Essere poveri, poveri estremi o relativi non vuol dire essere cattivi, non vuol dire essere stupidi, inferiori, delinquenti, stupratori, borseggiatori.

Essere imprigionati nella privazione costante di cibo come il bambino di Gaza è l’abuso più grande del diritto umano.

La povertà è sia l’effetto che la causa della violazione di diritti umani, il cui solo rispetto può permettere  di liberarsene, smettere di essere poveri non è solo l’accesso alla ricchezza, è il diritto a non essere isolati, a non essere impotenti ed esclusi, ad avere accesso alle informazioni e ai servizi di sostegno, ad avere diritto a un alloggio dignitoso, a un lavoro dignitoso, ai servizi sanitari, alla scuola e all’apprendimento per tutta la vita, a non essere costretti a vivere in zone degradate e violente, o degradate e remote, poter avere accesso ai servizi essenziali come l’acqua, il riscaldamento, l’elettricità, cibo sano, abiti dignitosi, essere in condizione di non essere sfruttati ed essere obbligati a  entrare nell’illegalità, non provare sulla propria pelle il razzismo e la discriminazione, poter partecipare ad una vita di relazione, avere eguali diritti di giustizia dei ricchi, avere libertà politiche e di opinione.

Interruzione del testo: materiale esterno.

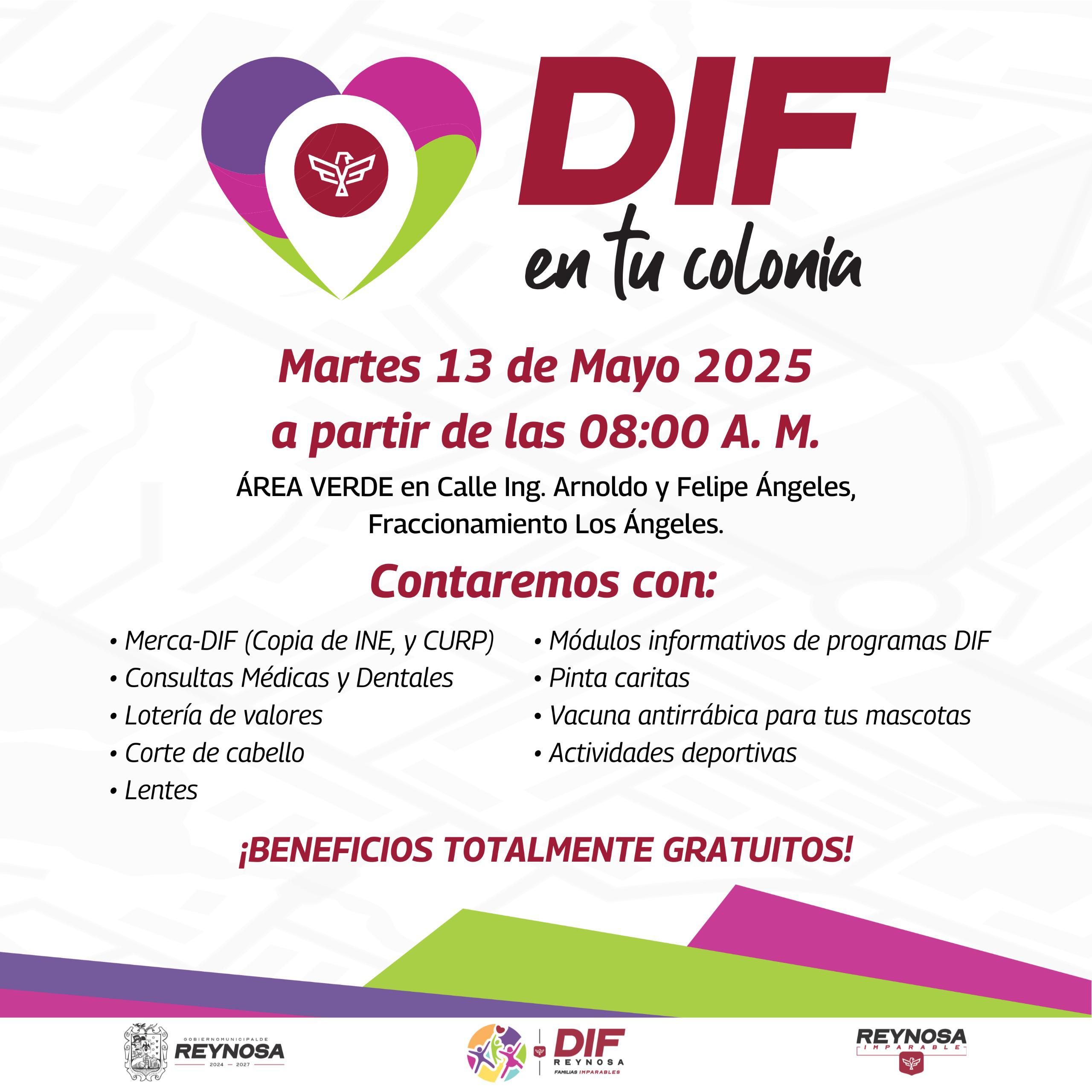 Por instrucciones del Alcalde, Carlos Peña Ortiz, el Sistema DIF-Reynosa, que preside Carlos Luis Peña Garza, realizará la Brigada “DIF en Tu Colonia”, en el Fraccionamiento Los Ángeles, por lo que se invita a las familias del sector y aledaños a beneficiarse de los programas y servicios gratuitos.

Ma i super ricchi investono centinaia di milioni per sostenere campagne elettorali confidando in scelte politiche che consentano loro un ritorno in termini economici e di reputazione, creano fondazioni caritatevoli e centri di ricerca su cui attraggono investimenti colossali, mentre appoggiano tagli alla sanità pubblica,  al welfare, al sostegno dei redditi,  alla cultura, alle università e alla libera informazione e libera circolazione delle merci e delle persone, e se ne fregano del cambiamento climatico  che non subiscono e non soffrono, come non se ne fregano che il bambino di Gaza mangi sabbia,  salvo che  la povertà,  se non lenita con politiche di emancipazione economica e di inclusione, crei inevitabilmente emarginazione e violenza diventando un rischio per la società tutta.  Gli sforzi per eliminare e contenere la povertà estrema non possono rimanere solo  una questione di beneficienza o di buona volontà  di tante organizzazioni locali e  internazionali che in questi giorni vengono minacciate ed escluse dalla possibilità di soccorso nei luoghi di miseria, di instabilità politica e di guerra, ma deve essere il principio ineludibile  degli Stati più ricchi  di adempiere all’ obbligo del rispetto  dei diritti umani.